§ WHAT YOU HAVE TO DO: Every record below needs to be written out exactly, apart from the pictures.

§ Excerpts from a dataset:
== == ==
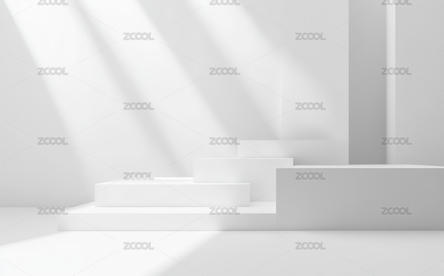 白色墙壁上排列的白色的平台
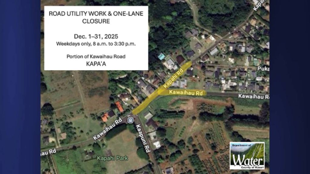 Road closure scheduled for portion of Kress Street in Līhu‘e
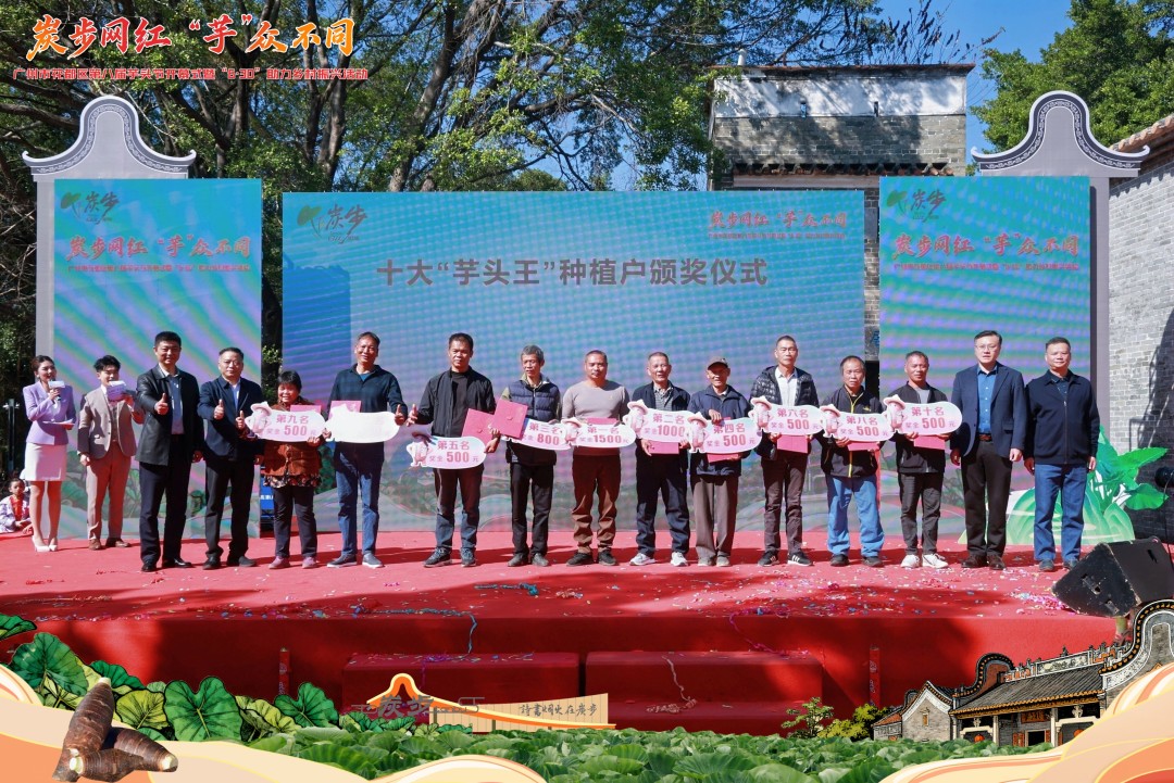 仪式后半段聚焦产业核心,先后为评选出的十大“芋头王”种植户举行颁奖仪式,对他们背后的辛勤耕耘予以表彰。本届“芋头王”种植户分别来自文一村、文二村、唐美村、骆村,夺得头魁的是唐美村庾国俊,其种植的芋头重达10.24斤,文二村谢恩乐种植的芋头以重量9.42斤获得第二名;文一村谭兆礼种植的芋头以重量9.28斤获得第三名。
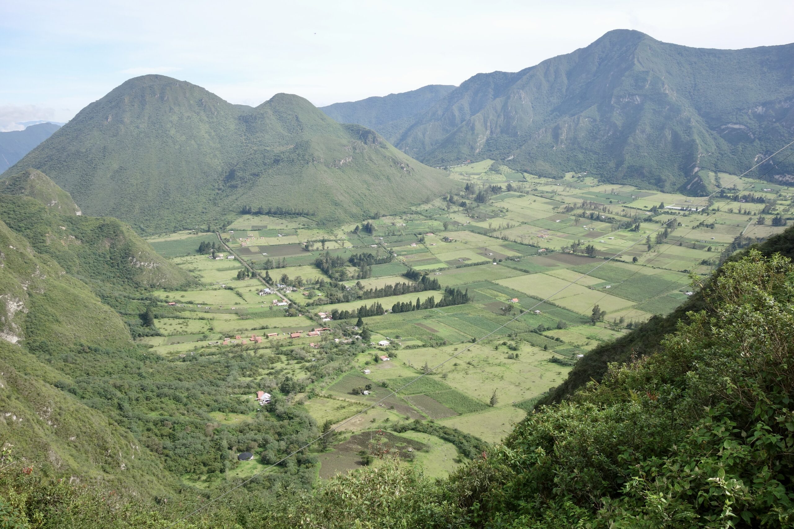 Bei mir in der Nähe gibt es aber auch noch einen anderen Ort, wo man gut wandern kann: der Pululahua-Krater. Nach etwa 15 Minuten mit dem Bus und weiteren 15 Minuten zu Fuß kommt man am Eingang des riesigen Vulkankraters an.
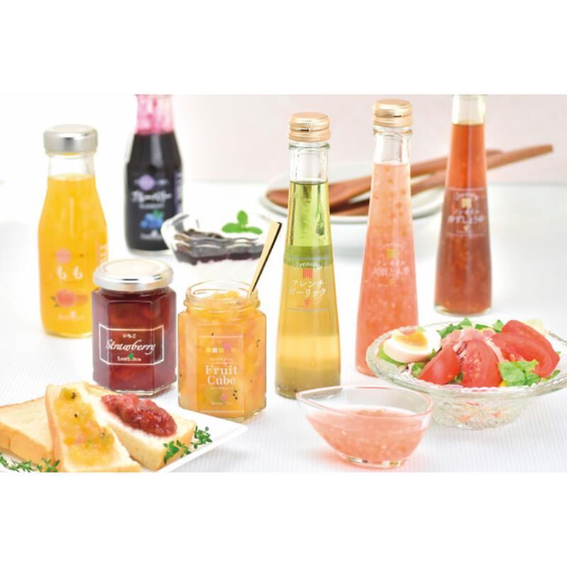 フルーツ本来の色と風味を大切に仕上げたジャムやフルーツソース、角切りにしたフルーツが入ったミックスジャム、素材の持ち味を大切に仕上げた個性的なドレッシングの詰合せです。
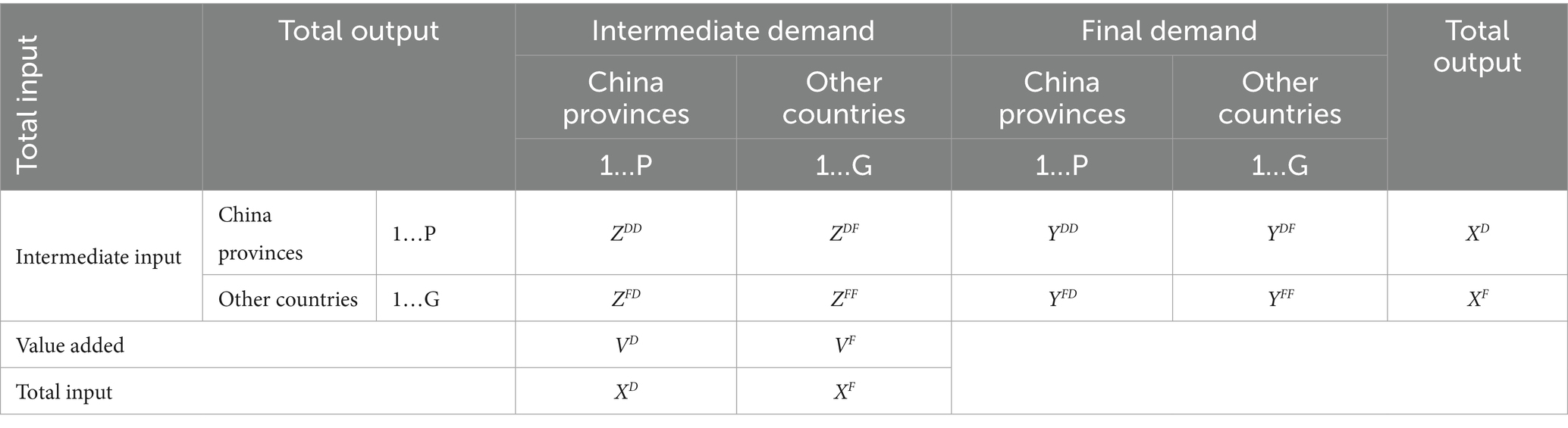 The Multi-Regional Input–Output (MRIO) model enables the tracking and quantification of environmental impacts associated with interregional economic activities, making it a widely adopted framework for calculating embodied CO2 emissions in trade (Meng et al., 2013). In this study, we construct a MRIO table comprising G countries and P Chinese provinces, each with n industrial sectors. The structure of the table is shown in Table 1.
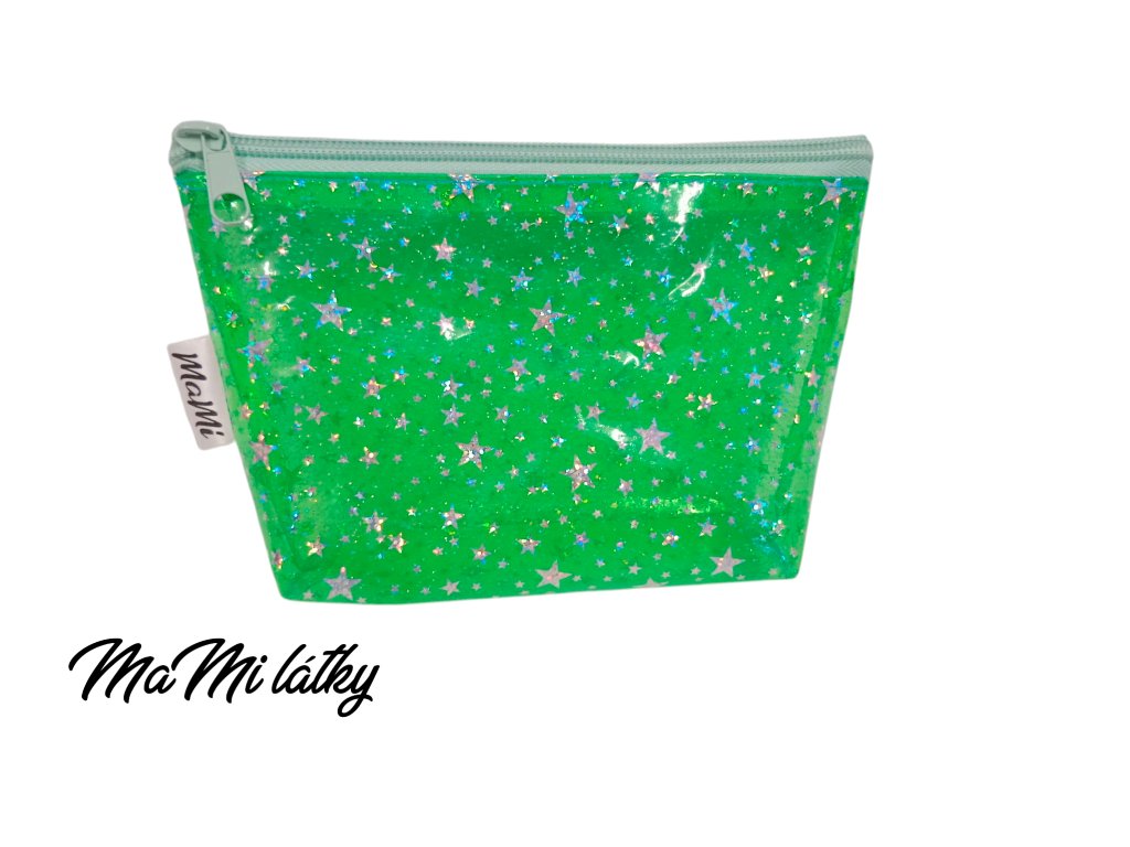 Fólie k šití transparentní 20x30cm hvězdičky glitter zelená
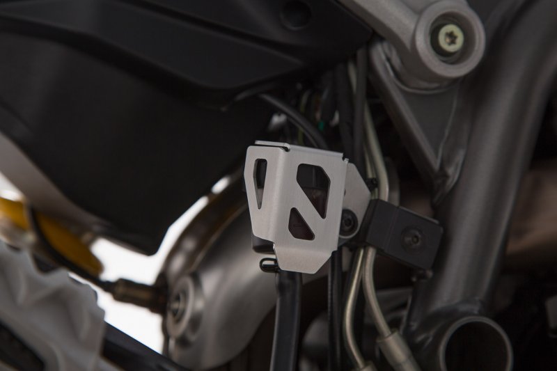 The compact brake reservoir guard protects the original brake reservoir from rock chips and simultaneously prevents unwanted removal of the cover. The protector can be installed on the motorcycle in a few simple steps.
== == ==
§ REPLY TO THE TASK:
 白色墙壁上排列的白色的平台
 Road closure scheduled for portion of Kress Street in Līhu‘e
 仪式后半段聚焦产业核心,先后为评选出的十大“芋头王”种植户举行颁奖仪式,对他们背后的辛勤耕耘予以表彰。本届“芋头王”种植户分别来自文一村、文二村、唐美村、骆村,夺得头魁的是唐美村庾国俊,其种植的芋头重达10.24斤,文二村谢恩乐种植的芋头以重量9.42斤获得第二名;文一村谭兆礼种植的芋头以重量9.28斤获得第三名。
 Bei mir in der Nähe gibt es aber auch noch einen anderen Ort, wo man gut wandern kann: der Pululahua-Krater. Nach etwa 15 Minuten mit dem Bus und weiteren 15 Minuten zu Fuß kommt man am Eingang des riesigen Vulkankraters an.
 フルーツ本来の色と風味を大切に仕上げたジャムやフルーツソース、角切りにしたフルーツが入ったミックスジャム、素材の持ち味を大切に仕上げた個性的なドレッシングの詰合せです。
 The Multi-Regional Input–Output (MRIO) model enables the tracking and quantification of environmental impacts associated with interregional economic activities, making it a widely adopted framework for calculating embodied CO2 emissions in trade (Meng et al., 2013). In this study, we construct a MRIO table comprising G countries and P Chinese provinces, each with n industrial sectors. The structure of the table is shown in Table 1.
 Fólie k šití transparentní 20x30cm hvězdičky glitter zelená
 The compact brake reservoir guard protects the original brake reservoir from rock chips and simultaneously prevents unwanted removal of the cover. The protector can be installed on the motorcycle in a few simple steps.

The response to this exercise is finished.